Would you believe we had time to catch a movie while in Mammoth?  If I told you what the condo situation was like, you may understand our need to vacate the premesis for an evening at the cinema, but I think part of the reason was the compelling cast of the new mystery-thriller Inside Man.  Being tops of the box-office really justifies the glittery marquee, but being directed by none other than Spike Lee will also promote the film from Hollywood fluff, to something perhaps a little more meaningful.

Let's comment first on the cast.  Headed up by a dialed-in Denzel Washington and supported strongly by the likes of Clive Owen and Jodie Foster, every actor from lead to extra does a commendable job making Mr. Lee's New York a living and breathing community filled with racial and societal tensions as well as communal identification.  The three leads, however, do a bang-up job in portraying just what they are.  Mr. Washington's motivated and ambitious detective is properly direct and passionate about his job, Ms. Foster's "Ms. Fix-it" is to -the-point and disarmingly charming, and Mr. Owen's criminal is chillingly calculated.  There's not a performance in here unnoticed and although no one may win an Oscar for this film, it's a great way to start out the year.

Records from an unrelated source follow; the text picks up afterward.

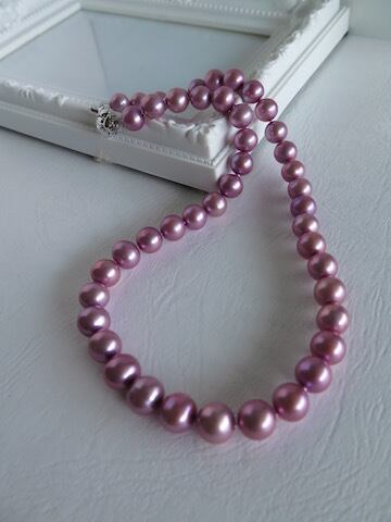 ラウンド~セミラウンド形の淡水パールで作ったショートネックレスです。使用したパールの大きさは9.5~10ミリで、色は「オールドライラック」(染)です。存在感のあるネックレスで、顔を華やかにみせてくれそうな感じがします。
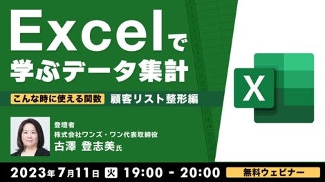 今回のセミナーでは、PC&IT講師として20年以上の経歴を持つ株式会社ワンズ・ワン代表取締役の古澤登志美氏にご登壇いただき、顧客リストを整理し、必要な形式に整形する際に使える文字列操作関数を中心に解説していただきます。事務職からデータ領域への転職を検討されている方などに特におすすめの本セミナー。ご興味をお持ちの方は、ぜひご参加ください。
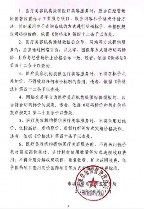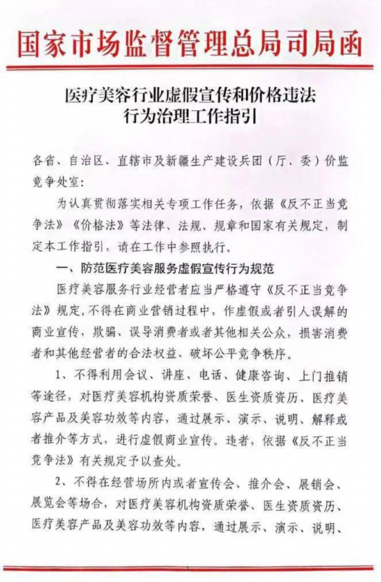 10月13日,国家市场监管总局价格监督检查和反不正当竞争局发布《医疗美容行业虚假宣传和价格违法行为治理工作指引》,强调要防范8项虚假宣传行为、6项价格违法行为,涉及在会议讲座、展销会、自媒体等场合进行虚假宣传,通过低标高结、虚构原价、虚假打折等方式进行价格欺诈,这些行为均将受到严厉查处。具体内容如下:
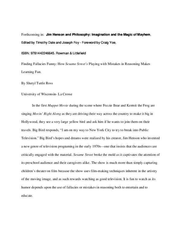 Pdf Finding Fallacies Funny How Sesame Street S Playing With Mistakes In Reasoning Makes Learning Fun Sheryl Tuttle Ross Academia Edu
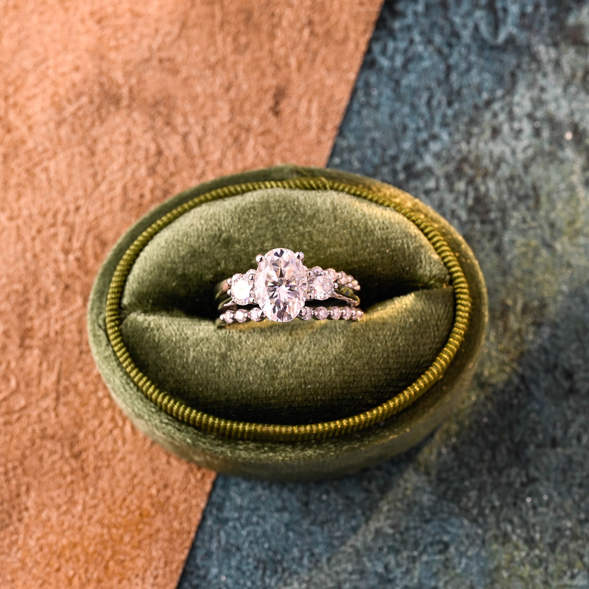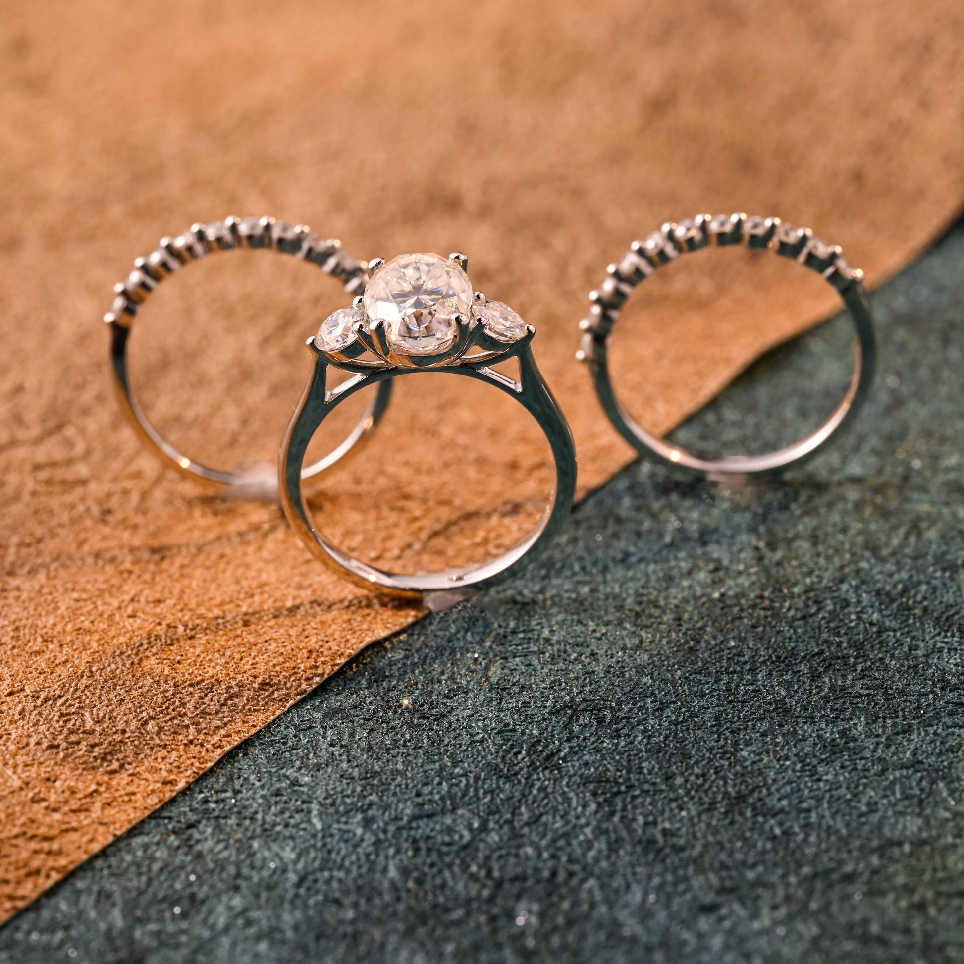Oval Cut Moissanite Engagement Ring Set, Solid Gold Wedding Ring Set, Art Deco Halo Ring Set, Vintage Bridal Set, Anniversary Gift for Woman
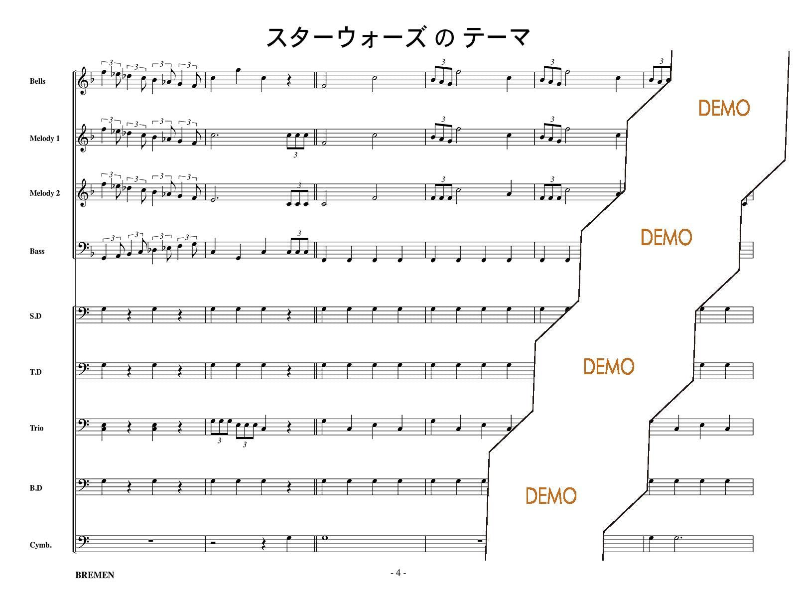 主な使用楽器:グロッケン(鉄琴)、マーチングキーボード、ベース(低音楽器)、スネアドラム(小太鼓)、テナードラム(中太鼓)、トリオタム(ツインタム)、バスドラム(大太鼓)、シンバル等
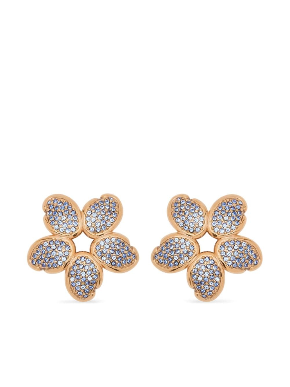 Crystal O Flower earrings Highlights - Gold-tone - Brass - Floral motif - Crystal embellishment - Post-back fastening - For pierced ears - These earrings come as a pair. Made in Italy SIZE & FIT Measurement HEIGHT 0.98 in(2.5 cm) Weight (single earring) 16 g(16 g) WIDTH 0.98 in(2.5 cm)
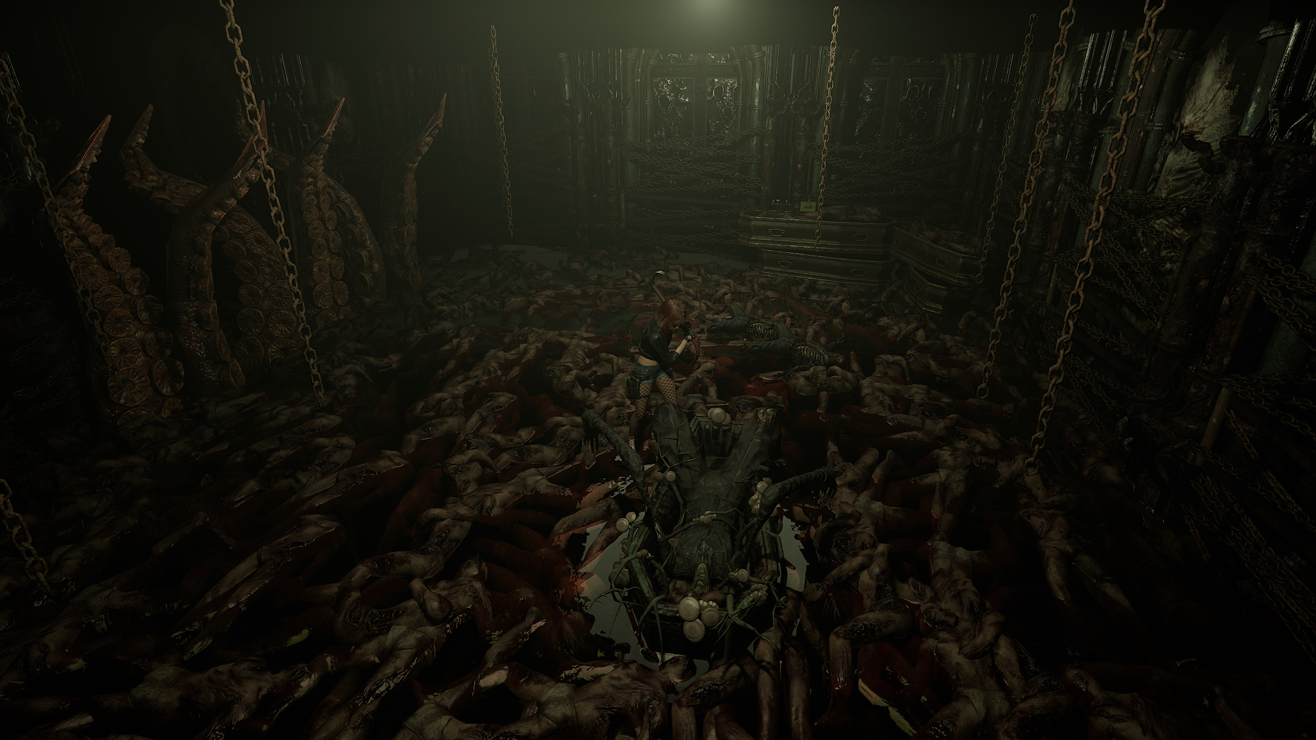 Прежде чем спускаться на лифте, вернитесь в кабинет на кладбище и сохранитесь, поскольку вас ждет битва с боссом. Езжайте вниз на лифте, и после кат-сцены окажетесь в Общей Могиле (Иной Мир). Как только начнете двигаться, появится босс. Чтобы нанести ему урон, сначала нужно убить всех врагов. Постарайтесь бегать вокруг и собрать мобов вместе, а затем использовать дробовик или арбалет, чтобы убить всех одним выстрелом.

The overall thematics of the film tend to jump all over the place.  While on the surface you have your by-the-numbers heist film, there are aspects that Mr. Lee touches upon from time to time you may or may not notice.  The jabs at intolerance and an over-the-top video game may be less than subtle, but it's the situations he frames these statements in that makes them all the more interesting.  While you become wrapped up in the overall mystery of why the criminals commit their heist, you also become enveloped in the world this movie is set in and the people involved.  You begin to understand their motivations and also, perhaps, their fears.  It's a much more subtle hand than Mr. Lee has presented in the past, and it's a welcome change.

What we have in the end is one of the better movies so far this year.  I found it to be quite entertaining and possibly one to be found in many collections.  If I were to compare it to any recent film, it would go hand in hand with Michael Mann's Collateral as a modern thought-induced crime drama.  While some of these films (take Heat for example) tend to be bloated and "important," Inside Man doesn't pretend to be anything but the heist film it is on the surface.